ABOUT THIS TASK >> Repeat the data that follows exactly, starting at the line with "The Hadley console" and ending at the line with "贵金属夜盘时段突现暴跌", and leave out every picture.

WORKING DATA >>
# # # #

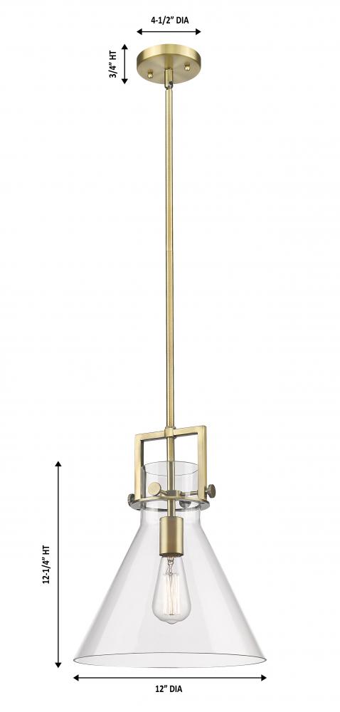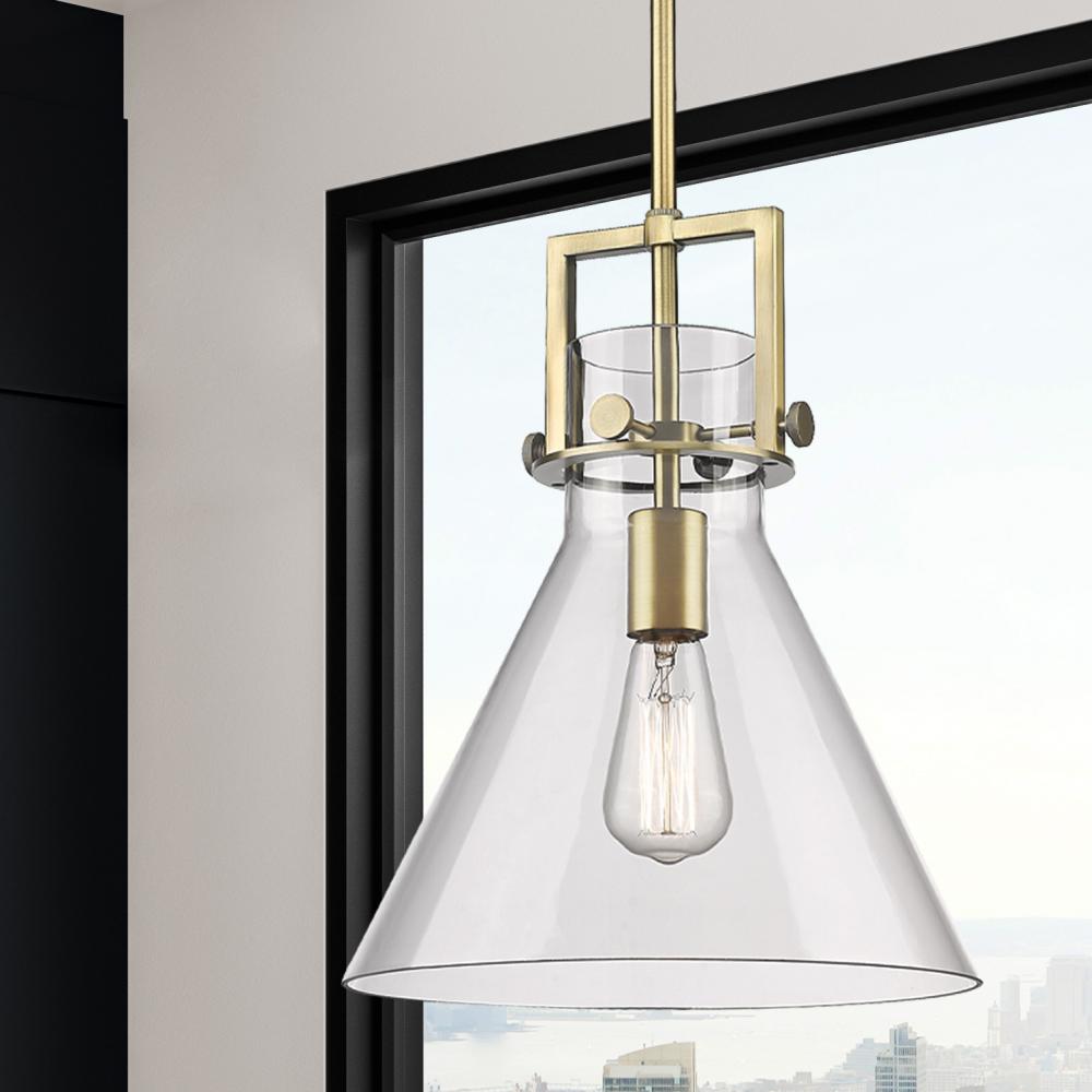 Newton Cone - 1 Light - 12 inch - Brushed Brass - Clear Shade - Mini Pendant
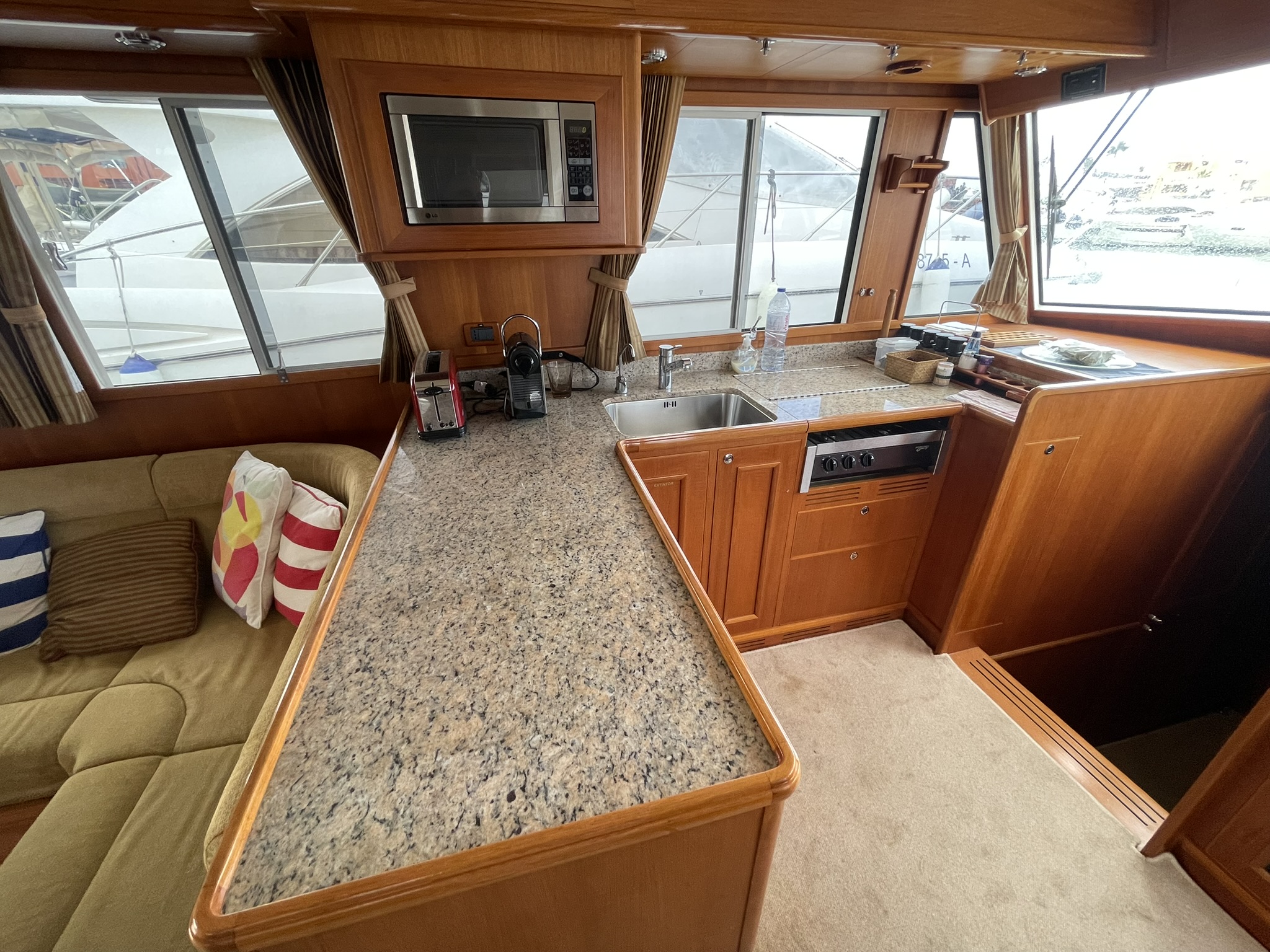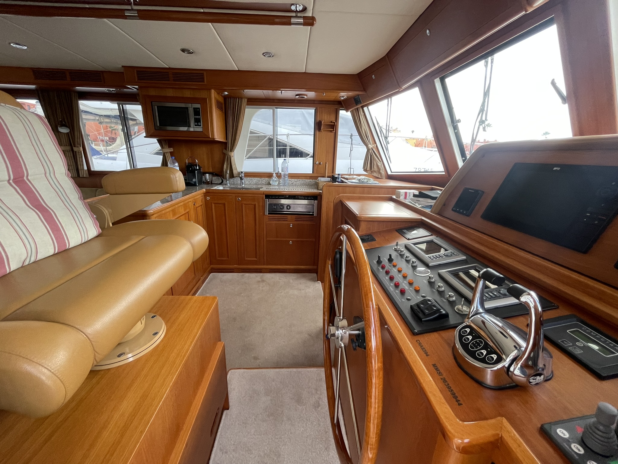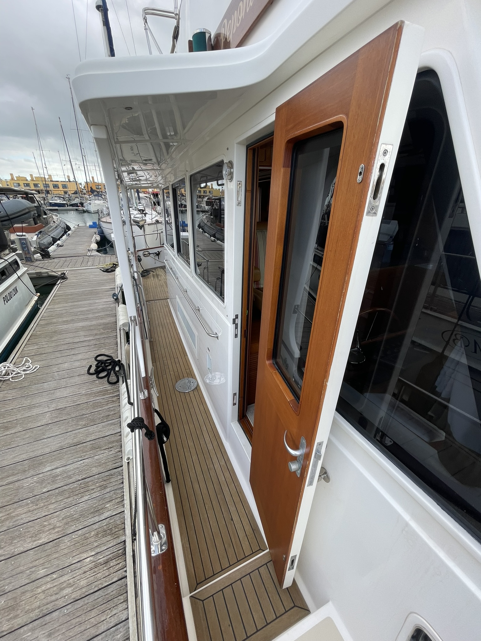 Visually, she is flawless. She has just emerged from the yard with a total hull respray that restores her showroom shine, along with fresh antifouling.
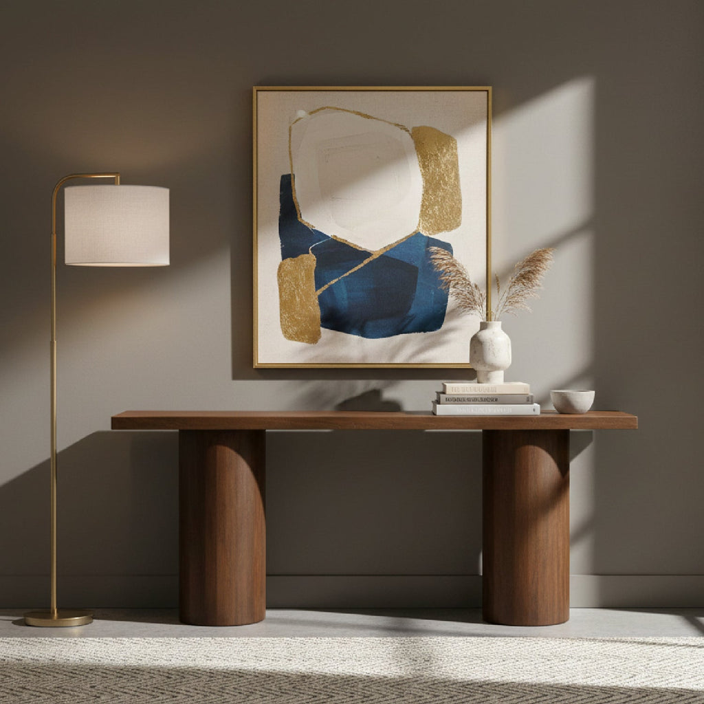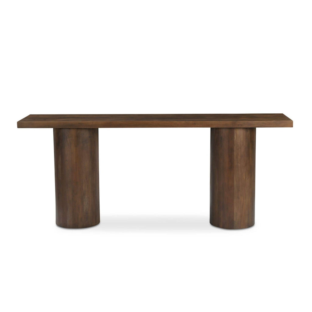 The Hadley console table showcases the natural beauty of reclaimed neem wood with understated elegance. Its minimalist design features a substantial 2-inch-thick rectangular top resting on robust cylindrical bases. Each piece tells a unique story through subtle variations, a testament to the wood's previous life.
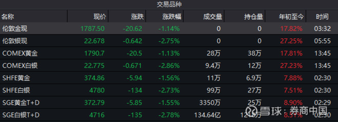 贵金属夜盘时段突现暴跌
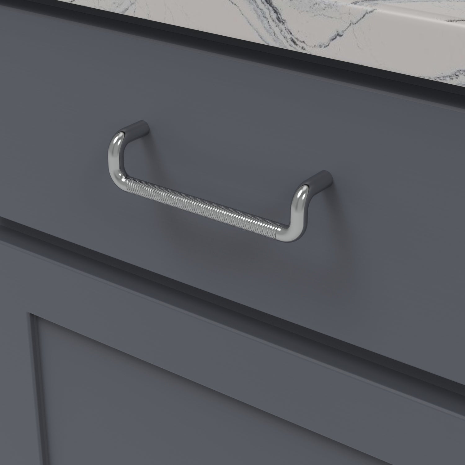 Knurled surfaces and edgy geometry make this a notable pick. Machined precision amplified with texture brings subtle grit to an edgy room.
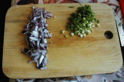 5. Остальной лук нарезаем помельче. Также измельчаем зеленый лук.
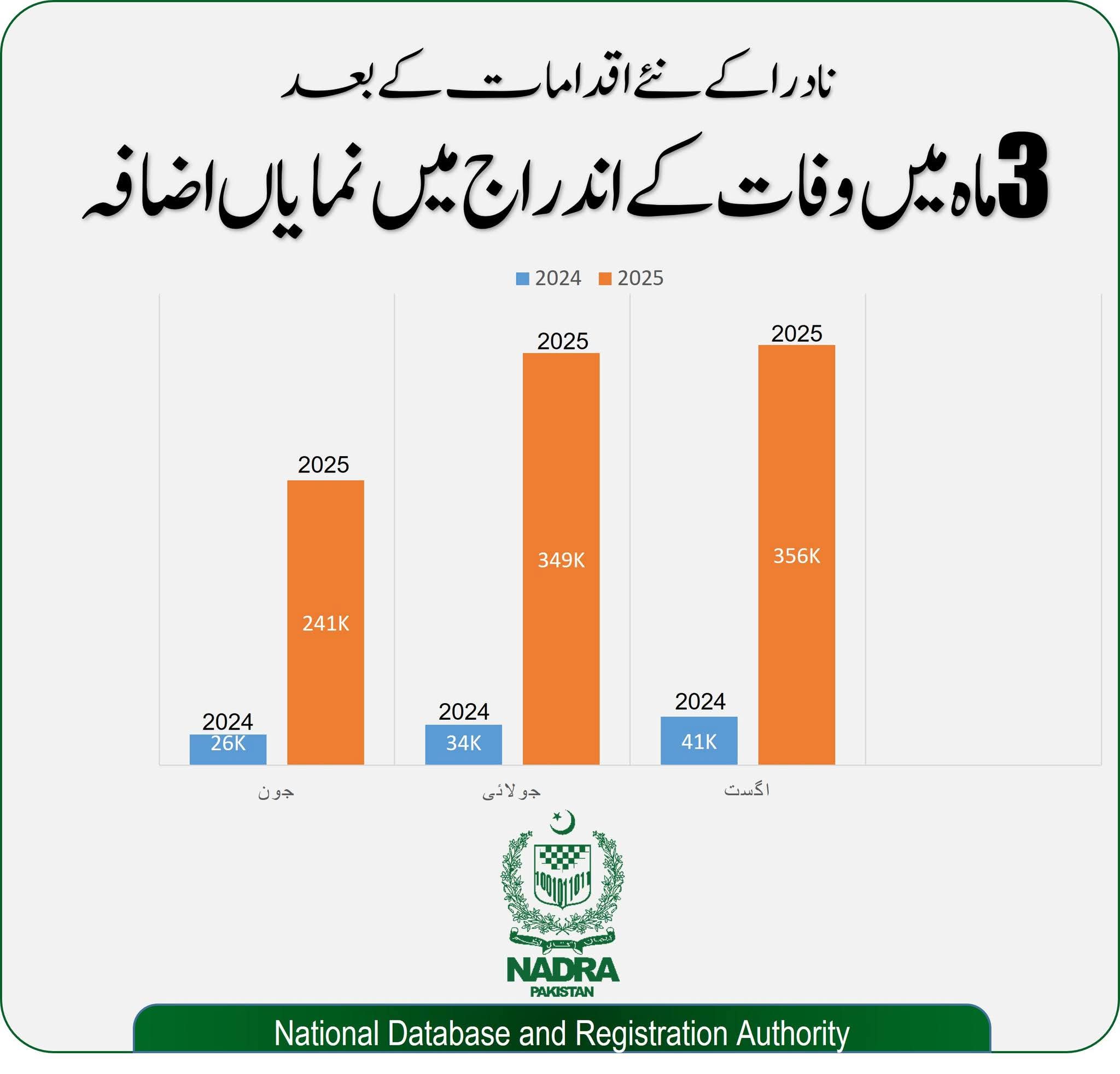 پاکستان میں اب بھی بہت سے افراد اپنے خاندان کے فوت شدہ افراد کا بروقت اندراج نہیں کراتے، اور اگر اندراج کرا بھی دیا جائے تو اکثر مرحوم کا شناختی کارڈ نادرا میں منسوخ نہیں کرایا جاتا، جس سے وراثت، پنشن اور دیگر قانونی معاملات میں مشکلات پیدا ہوتی ہیں۔وفاقی وزیرِ داخلہ کی ہدایت پر نادرا نے اس مسئلے کے حل کے لئے اہم اقدامات کئے ہیں:✅ وفات کے باعث شناختی کارڈ کی منسوخی کی فیس ختم کر دی گئی✅ صوبائی سول رجسٹریشن مینجمنٹ سسٹم (CRMS) کے ساتھ ڈیٹا شیئرنگ کو مضبوط بنایا گیا✅ وفات کی بائیومیٹرک تصدیق کو لازم قرار دیا گیا تاکہ غلط یا جعلی اندراج سے بچاؤ ہو۔جب کسی شخص کی وفات صوبائی سول رجسٹریشن مینجمنٹ سسٹم میں درج ہوتی ہے تو اس واقعہ کو نادرا کے خاندانی ریکارڈ میں شامل کرلیا جاتا ہے۔ جب بھی کوئی قریبی رشتہ دار نادرا سے کسی بھی خدمات کے لئے رجوع کرتا ہے تو ان سے درخواست کی جاتی ہے کہ پہلے صوبائی سول رجسٹریشن مینجمنٹ سسٹم میں درج شدہ وفات کی بائیومیٹرک تصدیق کریں جس کے بعد متوفی کا شناختی کارڈ منسوخ کیا جاتا ہے اور انہیں نادرا سے درکار خدمات مہیا کی جاتی ہیں۔ اگرچہ نادرا صوبائی سول رجسٹریشن مینجمنٹ سسٹم کے ریکارڈ کی بنیاد پر خودکار طریقے سے شناختی کارڈ منسوخ کر سکتا ہے، لیکن بائیومیٹرک تصدیق کا یہ عمل وفات کے غلط یا جعلی اندراج سے بچاؤ کے لئے ایک ضروری حفاظتی اقدام ہے کیونکہ اس وقت صوبائی نظام میں بائیومیٹرک آلات دستیاب نہیں ہیں۔اصلاحات کی وجہ سے ابتدائی طور پر کچھ دشواریاں ضرور پیش آئیں، مگر نتائج نہایت حوصلہ افزا ہیں اور اموات کے اندراج میں چھ گنا اضافہ ہوا ہے، ڈیٹا کی درستی بہتر ہوئی ہے، اور جعلی اندراجات میں نمایاں کمی آئی ہے۔مزید سہولت کے لیے:📱 شہری اب پاک آئی ڈی ایپ کے ذریعے قریبی رشتہ دار کی وفات کے بعد شناختی کارڈ کی منسوخی کی درخواست جمع کرا سکتے ہیں📲 پنجاب کے تین اضلاع میں بطورِ پائلٹ پراجیکٹ، وفات کا اندراج بھی پاک آئی ڈی ایپ کے ذریعے ممکن بنا دیا گیا ہے۔🌐 جلد ہی پیدائش، شادی، طلاق اور وفات کے اندراج کی سہولت پورے ملک میں دستیاب ہوگی۔نادرا نے پاک آئی ڈی ایپ میں خاندانی ریکارڈ دیکھنے کی مفت سہولت اور ڈیٹا میں تضاد کی نشاندہی کا فیچر بھی شامل کر دیا ہے۔ علاوہ ازیں، نادرا اور صوبائی حکومتیں اپنے نظام کو نیشنل رجسٹریشن اینڈ بائیومیٹرکس پالیسی کے تحت مربوط کر رہی ہیں۔نادرا شہریوں سے اپیل کرتا ہے کہ وہ زندگی کے اہم واقعات کو بروقت "صوبائی سول رجسٹریشن مینجمنٹ سسٹم (CRMS)” میں رجسٹر کروائیں اور خاندانی ریکارڈ کو نادرا کے ساتھ اپ ڈیٹ رکھیں۔ یہ نہ صرف ایک قانونی ذمہ داری ہے بلکہ سرکاری سہولیات تک مسلسل رسائی اور قومی ڈیٹا کی درستی یقینی بنانے کے لئے بھی ضروری ہے۔📲 پاک آئی ڈی ایپ ڈاؤن لوڈ کریں — نادرا کی خدمات اب آپ کے فون پر!
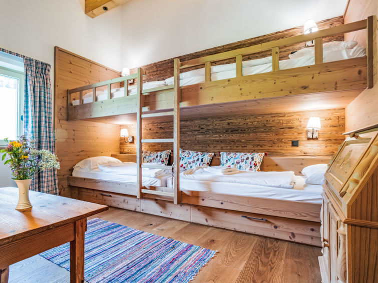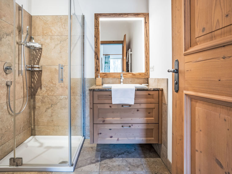 "Orleans 1", 5-Zimmer-Wohnung 147 m2 im 1. Stock. Geräumig und hell, sehr komfortabel und geschmackvoll eingerichtet: Eingang. Unteres Geschoss: Dusche, sep. WC, Sauna. Obergeschoss: offenes grosses Wohn-/Esszimmer mit Schwedenofen, Essecke, Sat-TV, Internationale TV-Sender und Flachbildschirm. Ausgang zum Balkon. 2 Doppelzimmer, jedes Zimmer mit Dusche/WC. Ausgang zum Balkon. 1 Doppelzimmer mit Bad/Dusche/WC. Ausgang zum Balkon. 1 Zimmer mit 2 x 2 Etagenbetten. Grosse Wohnküche (Backofen, Geschirrspüler, 4 Glaskeramikplatten, Toaster, Wasserkocher, Mikrowelle, Tiefkühler, elektrische Kaffeemaschine). Parkettboden, Natursteinboden. Komfortable Einrichtung im Landhausstil. Grosser Balkon. Balkonmöbel. Sehr schöne Panoramasicht auf die Berge und die Landschaft. Zur Verfügung: Bügeleisen, Kinderhochstuhl, Babybett bis 2 Jahre, Haartrockner. Internet (Wireless LAN, gratis). Bitte beachten: Nichtraucher-Haus. Rauchmelder, Feuerlöscher. Bei den Doppelbetten handelt es sich um "King Size Betten". 50612-000971-2020
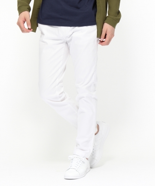 水をはじく、撥水加工 撥水加工をほどこしているので、ちょっとした雨でも気にせず着用いただけます。 ベーシックなチノパンツは、オンオフ問わずにお使いいただける万能アイテム。 ストレッチ機能で、履き心地もバツグンです。
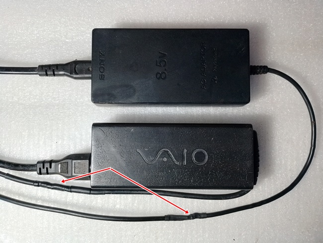 วันนี้ผมซ่อม Adapter ที่ใช้งานไม่ได้แต่ตัวมันไม่เสีย ตัวบนเป็น Adapter ของ Sony PlayStation2 แรงดัน 8.5V กระแส 5.65A ตัวนี้ใช้งานไม่ได้เนื่องจากสายไฟฝ่งขาออกช็อตกันเพราะฉนวนเปื่อย ผมตัดแล้วต่อใหม่ช้ท่อหดหุ้มไว้ก็ใช้ได้แล้ว ตัวล่างเป็น Adapter ของ Sony Vaio แรงดัน 19.5V กระแส 4.7A ตัวนี้ใช้งานไม่ได้เนื่องจากสายขาด การซ่อมก็ใช้วิธีแบบเดียวกันคือตัดต่อบัดกรีแล้วหุ้มด้วยท่อหดก็ใช้งานได้

# # # #

RESPONSE TO THIS TASK >>
 The Hadley console table showcases the natural beauty of reclaimed neem wood with understated elegance. Its minimalist design features a substantial 2-inch-thick rectangular top resting on robust cylindrical bases. Each piece tells a unique story through subtle variations, a testament to the wood's previous life.
 贵金属夜盘时段突现暴跌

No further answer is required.